By the way, are you aware that this “fully source-bootstrapped” compiler you are talking of contains a very large piece of automatically generated code that is impossible for a human to review? I am talking about the transition tables of the lexing automaton. But surely, it is not possible to subvert this automaton so that it surreptitiously includes a sequence of tokens in the input of the compiler. Or is it?
Fair - “reproducible” is more of a Platonic ideal where the best we can do is approach it asymptotically. I should have said “as source-bootstrapped as possible with modern techniques.” I also didn’t realize that camlboot’s “MiniML” compiler stage still depends on Guile (self-bootstrapped), instead of something like Mes (which has a pure C implementation). However, Mes keeps improving and may one day be suitable as a Guile replacement for bootstrap seeds.
As for the integrity of the linker, OS, etc: some system distributions take this more seriously than others. Guix (which is closely associated with the camlboot work) has been making steady progress on reducing the size of its binary seeds. Even Debian has been introducing basic reproducibility requirements for packages, which is a start.
As for the lexer, I’m not sure which file you mean. Is it this one? In any case, I’m pretty sure that I’d rather review changes to any single source file than changes to 3MB of bytecode, especially if the size of the binary diff was not well correlated with the size of the source diff that produced it.
I’m not clear on the goal of your comments, but I hope it’s not that we should despair and accept this an unsolvable problem.
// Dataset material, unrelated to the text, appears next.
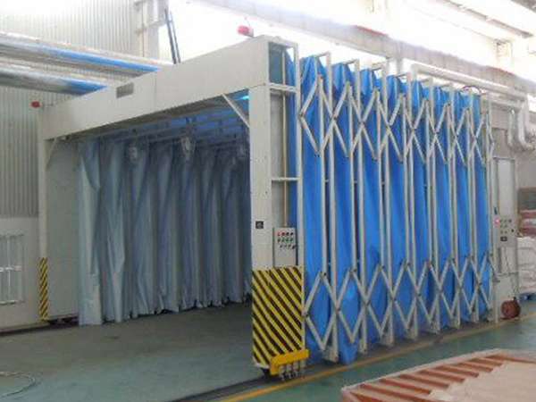 伸缩移动式喷漆房和无泵水幕喷漆房结合使用,是解决重型工件喷漆时移动难的问题,而活动喷漆前室就克服这个问题。工作时将活动前室收缩,用天车将重型工件吊运到喷漆场地,再将活动前室展开,罩住工件,即可工作。喷漆后再将前室收缩,用天车将工件吊离,不影响天车的工作,大大简化了不断用车间天车吊运大型笨重工件来回周转的工艺流程

Many people are working toward a full(ish) chain of trust from different directions, but if they demanded an immediate and total payoff for their work, nothing would ever be accomplished.
No, I was talking about the following one: camlboot/miniml/interp/lex/lexer.ml at 4.09 · gasche/camlboot · GitHub . Not sure which repository is supposed to be the source of truth regarding Camlboot nowadays.
It is an unsolvable problem and we should stop saying things that could lead less security-inclined people believe that they have a fully secure computing environment. But that does not mean that we should despair either. Any step that reduces the attack surface is a victory and I am glad the Camlboot project exists.
Computer security as a whole is an unsolvable problem, to be sure. But suppose that the total size of an OS’ binary seed were reduced to the sub-kilobyte range (as Guix hopes to accomplish one day). At some point, we reach a scale where binary audits by experts become possible, no? And by the nature of their tiny scope, these blobs would seldom change. If all of that somehow came true then I would count this as a practical solution to reproducibility, if not a satisfying one. Of course, we’ll also need processors with open source silicon and microcode…
I can’t speak for the developers, but GitHub - gasche/camlboot: Experiment on how to bootstrap the OCaml compiler · GitHub does show that it’s 222 commits behind GitHub - Ekdohibs/camlboot: Experiment on how to bootstrap the OCaml compiler · GitHub , so I can take a fair guess.
I see no equivalent file in the latter repo. Interestingly, I do see an interpreter bytecode file elsewhere in the repo that shares some of the same symbol names. I’m not certain of its purpose there, since the Makefile does have a rule to build it. Maybe this is a way to shorten debug cycles for dependent code, since a full build of the project takes hours.